ZOMBI AYAM
Ini pengalaman masa kecil yang takkan pernah terlupakan. Ketika itu, Eyang Putri yang pantang beli ayam potong di pasar, minta tolong Pak Tun, petugas pemadam kebakaran dan suami Mbok Yem untuk menyembelih seekor ayam jantan besar bebulu hitam, berjengger hitam, berkaki hitam pula. Itu ayam cemani, jelas Eyang Putri. Dia seperti batman, pikirku ketika itu, besar, gagah, sepertinya tak terkalahkan juga.
Kulihat Pak Tun mengasah pisau dapur dengan seksama hingga tajam dan berkilat, sementara Mbok Yem mengikat kaki si batman yang tabah, tak menangis. Aku bertanya-tanya, apakah dia tahu akan dimasak gulai ayam oleh Eyang Putri.
Aku berjalan mendekati Pak Tun yang sedang mencabuti sebagian bulu leher si batman. Si batman tetap tenang. Kuulurkan tanganku untuk mengusap jengger hitamnya. Tiba-tiba kelopak matanya yang merah tua dan kasar berbintil kecil-kecil itu terbuka. Mata merahnya menatapku tajam. Aku kaget dan takut. Aku mundur. Pak Tun tertawa lirih.

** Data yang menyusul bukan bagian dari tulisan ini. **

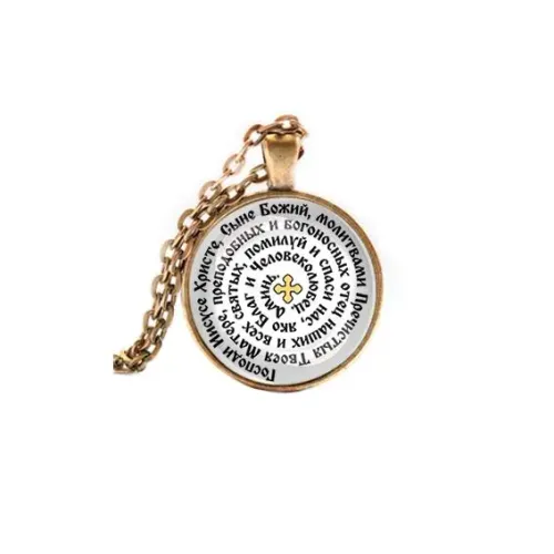 Кулон с молитвой Иисусу Христу — это не просто украшение, а символ веры и надежды. Он выполнен из бижутерного сплава с покрытием под бронзу и дополнен стеклянной линзой, защищающей изображение. Основные особенности:

"Nggapapa, Den. Kan kakinya sudah diikat sama Mbok Yem," katanya.
Kurasakan tangan Eyang Putri merengkuh bahuku, mungkin karena merasakan keteganganku. Aku mendongak pada beliau dan mencoba tersenyum.
"Takut?" tanyanya dengan lembut.
Aku mengangguk. Ini adalah pengalaman pertamaku. Sebelum ini, aku dan saudara-saudaraku tidak ada yang boleh menonton penyembelihan ayam. Tapi kali ini aku diijinkan Eyang Putri.
Pak Tun mencabut bulu leher terakhir si betmen yang mulai merintih lirih.
"Bismillah ..." bisik Pak Tun sebelum menggoreskan pisaunya pada leher batman dengan mantap dan dalam.
Mataku terbelalak mendengar si betmen melengking tinggi dan darah merah mengucur deras dari lehernya yang tersayat hampir memisahkan kepala dan badan tegapnya. Kudekap paha Eyang Putri yang tersenyum dan mengajakku masuk ke dalam.
Tapi tiba-tiba terdengar suara gedebak-gedebuk, bak-buk, keok-keok yang keras di belakangku, sementara suara Mbok Yem menjerit kaget dan Pak Tun terkekeh.
Begitu aku menoleh ke belakang, kulihat si batman terbang panik menabrak jajaran pohon pisang dan kandang ayam besar, dengan leher yang sudah setengah putus. Aku berlari ke halaman belakang lagi supaya bisa melihat dengan jelas apa yang terjadi. Eyang Putri hanya mengawasiku dari ambang pintu.
Pak Tun melihat ku datang dengan mata terbelalak.
"Ngga apa-apa, Den. Memang begitu kalau ketiga urat lehernya ngga terpotong dengan sempurna. Mungkin tadi Pak Tun kurang dalam potongnya, jadi ada yang tidak terpotong dengan baik," jelas Pak Tun.
Mbok Yem memegangi tanganku yang agak gemetar.
Itulah pengalaman pertamaku melihat pemotongan ayam secara tradisionil. Sejak itu pula, aku selalu berkonsentrasi sejenak untuk menghilangkan citra mengerikan itu sebelum aku menyantap sate ayam atau ayam dimasak apa pun.
Ketika kuceritakan kisah itu pada cucukku, dengan mata terbelalak, Davin berkata, "Zombi ayam?"
Aku hampir tersedak kopi yang baru saja kusruput.